Work required
Write out the data word for word and omit every picture.

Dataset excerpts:
== Segment start ==

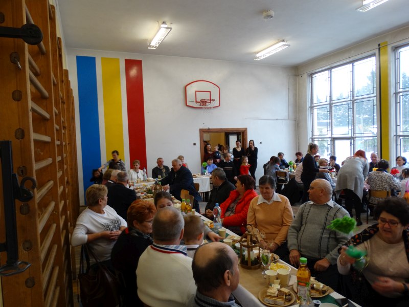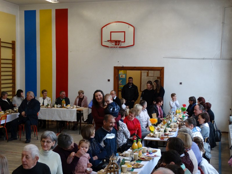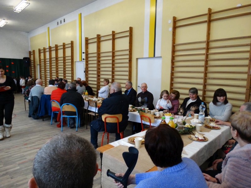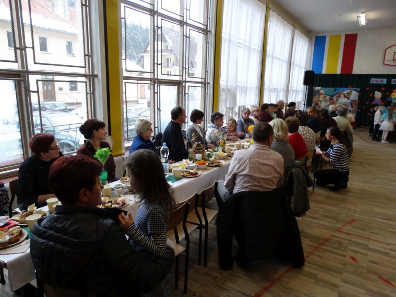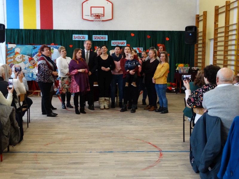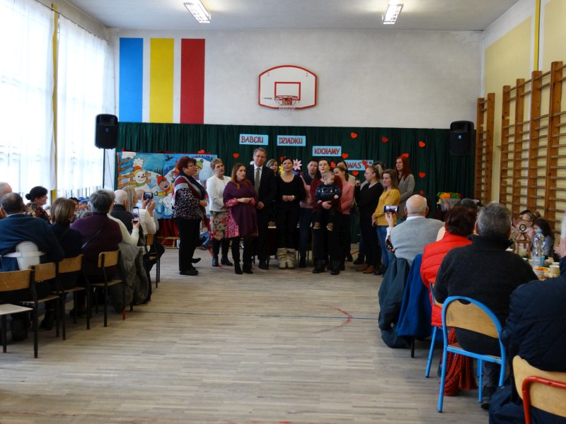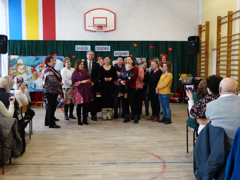 Podobnie jak w dniu poprzednim powitałem wszystkich zebranych i nawiązałem do tego co mówiłem.Wielu zaproszonych gości czyli Babcie i Dziadkowie się powtórzyli po raz drugi bo mają wnuki także w dwóch grupach przedszkolnych.
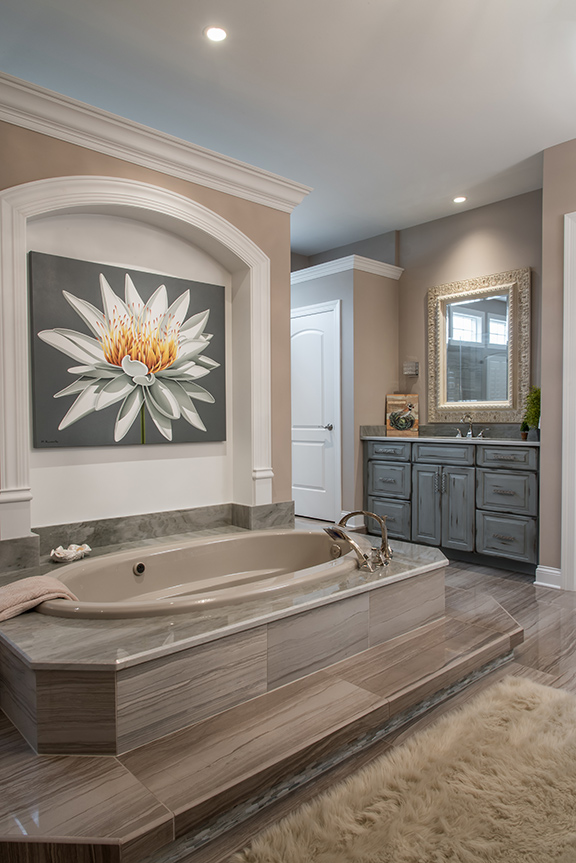 Far more serene, the deeply coffered master bedroom is done in soft earthen tones, and the see-through fireplace wall is faced in clear tiles with diamond dust grout. Custom bedding blankets the Ethan Allen bed; a custom bench provides a place for the dogs to snooze; and the window seat, upholstered in lime green, adds a pop of color. The lavish master bath showcases a dramatic, under-lit platform tub, encased in Sea Pearl granite and set against a free-standing wall that backs to a large glass-enclosed shower.
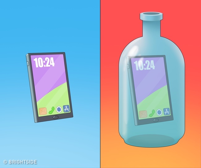 Ο «μάγος» δίνει ένα πλαστικό μπουκάλι σε κάποιον, του λέει να το τσεκάρει (για κοψίματα κτλ), κι όταν το θύμα πει «οκ, ένα σφραγισμένο μπουκάλι», ο «μάγος» πιέζει πάνω στο πλαστικό ένα κινητό κι εκείνο μπαίνει μέσα στο μπουκάλι.
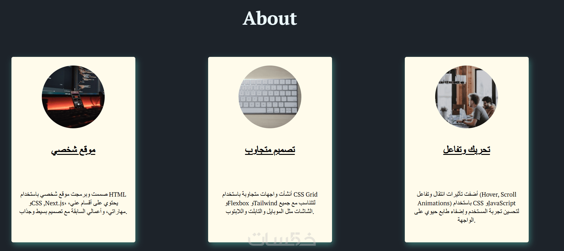 سأقوم بتصميم وبرمجة موقع شخصي احترافي (Portfolio) مخصص لك باستخدام أحدث التقنيات في والبرمجة و يكون متوافق مع جميع الأجهزة موبايل تابلت كمبيوتر
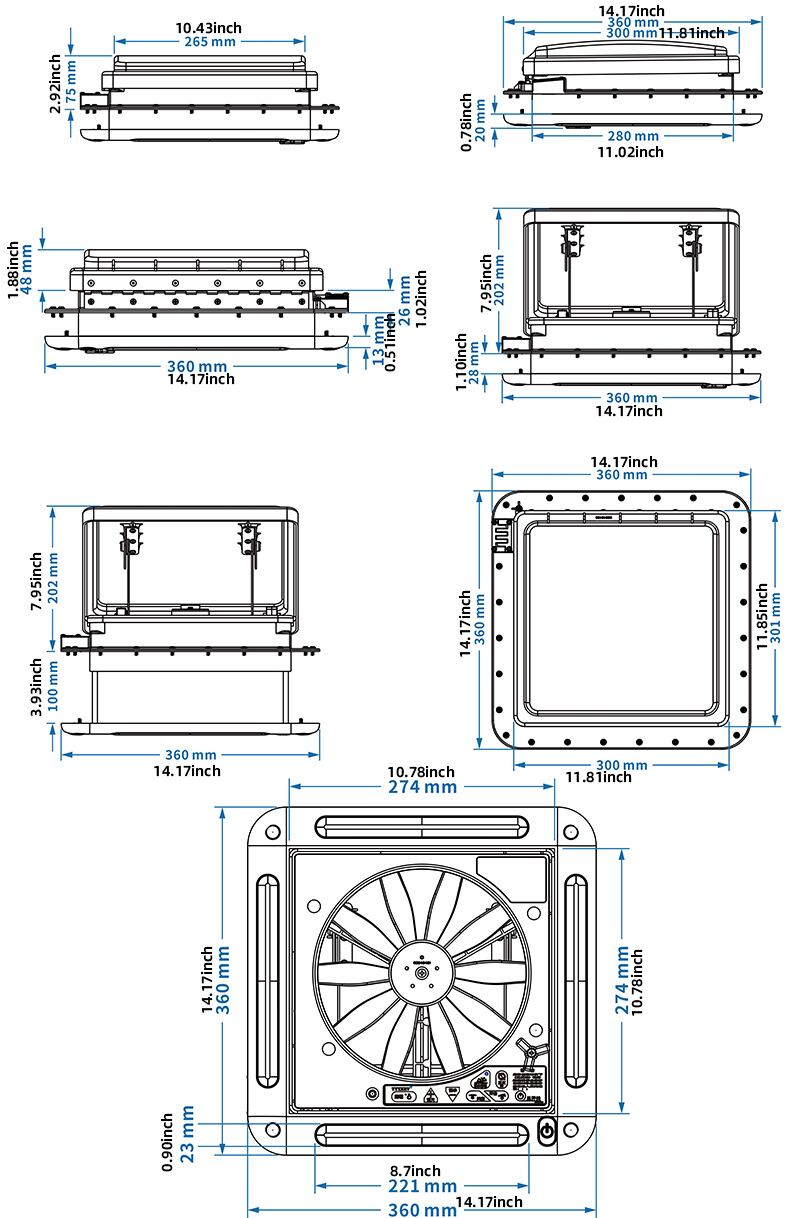 11 インチ TYTXRV CE Electric ウォールパネルリモコン付き キャラバンアクセサリー Rv ベント キャンピングカーベント LED 付き 12 ボルトファン
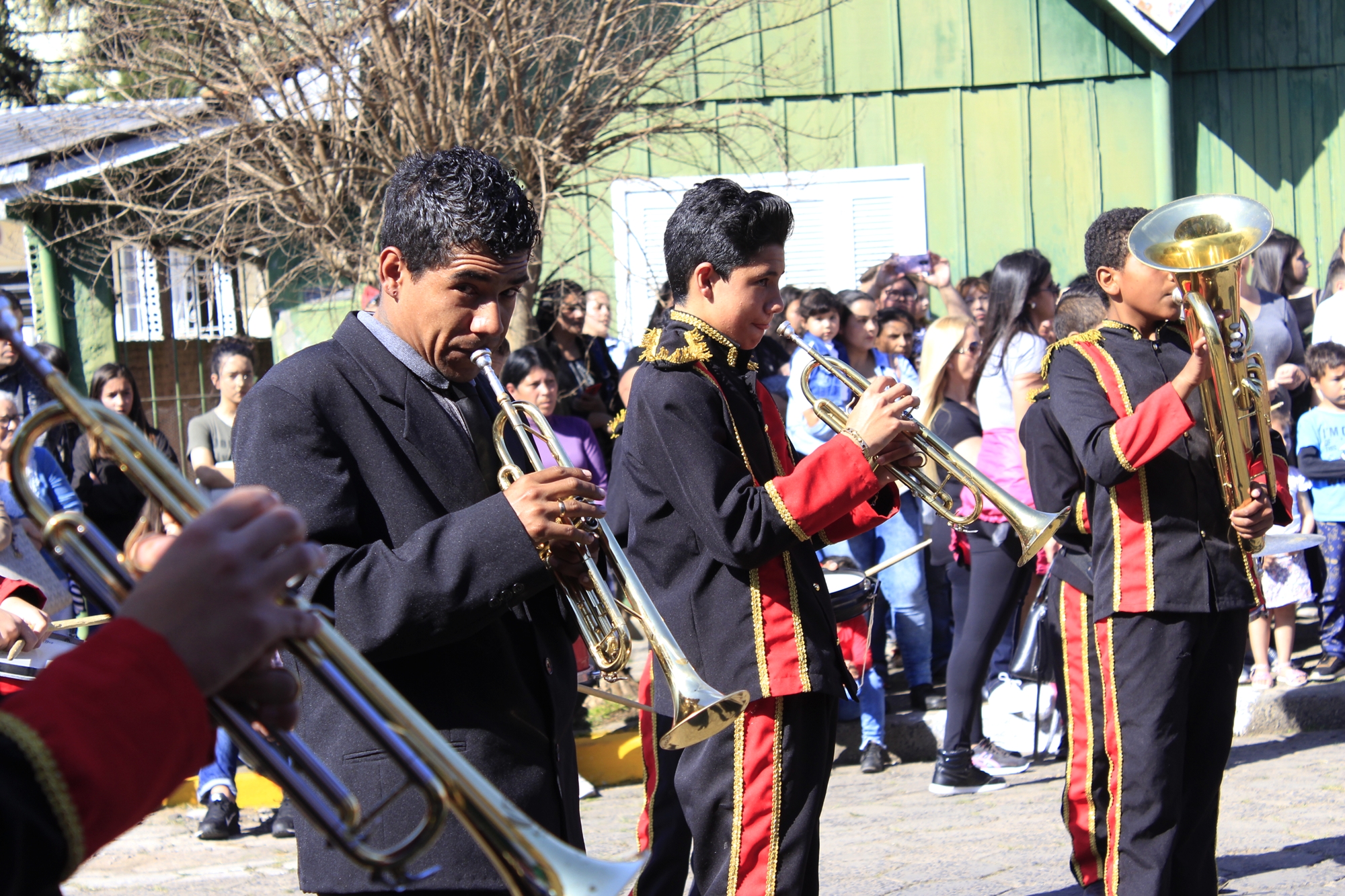 Bandas e fanfarras aproveitaram a oportunidade para mostrar o talento dos alunos com instrumentos de sopro e percussão
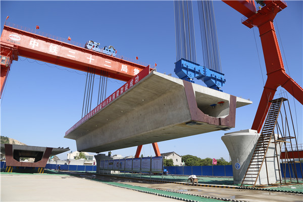 5月12日,中鐵二十二局集團建設者駕駛兩臺提梁機,把首片千噸箱梁架設在南沿江城際鐵路跨疏港特大橋上(央廣網發(fā) 侯欽佩 攝)

== Segment end ==

Your response
 Podobnie jak w dniu poprzednim powitałem wszystkich zebranych i nawiązałem do tego co mówiłem.Wielu zaproszonych gości czyli Babcie i Dziadkowie się powtórzyli po raz drugi bo mają wnuki także w dwóch grupach przedszkolnych.
 Far more serene, the deeply coffered master bedroom is done in soft earthen tones, and the see-through fireplace wall is faced in clear tiles with diamond dust grout. Custom bedding blankets the Ethan Allen bed; a custom bench provides a place for the dogs to snooze; and the window seat, upholstered in lime green, adds a pop of color. The lavish master bath showcases a dramatic, under-lit platform tub, encased in Sea Pearl granite and set against a free-standing wall that backs to a large glass-enclosed shower.
 Ο «μάγος» δίνει ένα πλαστικό μπουκάλι σε κάποιον, του λέει να το τσεκάρει (για κοψίματα κτλ), κι όταν το θύμα πει «οκ, ένα σφραγισμένο μπουκάλι», ο «μάγος» πιέζει πάνω στο πλαστικό ένα κινητό κι εκείνο μπαίνει μέσα στο μπουκάλι.
 سأقوم بتصميم وبرمجة موقع شخصي احترافي (Portfolio) مخصص لك باستخدام أحدث التقنيات في والبرمجة و يكون متوافق مع جميع الأجهزة موبايل تابلت كمبيوتر
 11 インチ TYTXRV CE Electric ウォールパネルリモコン付き キャラバンアクセサリー Rv ベント キャンピングカーベント LED 付き 12 ボルトファン
 Bandas e fanfarras aproveitaram a oportunidade para mostrar o talento dos alunos com instrumentos de sopro e percussão
 5月12日,中鐵二十二局集團建設者駕駛兩臺提梁機,把首片千噸箱梁架設在南沿江城際鐵路跨疏港特大橋上(央廣網發(fā) 侯欽佩 攝)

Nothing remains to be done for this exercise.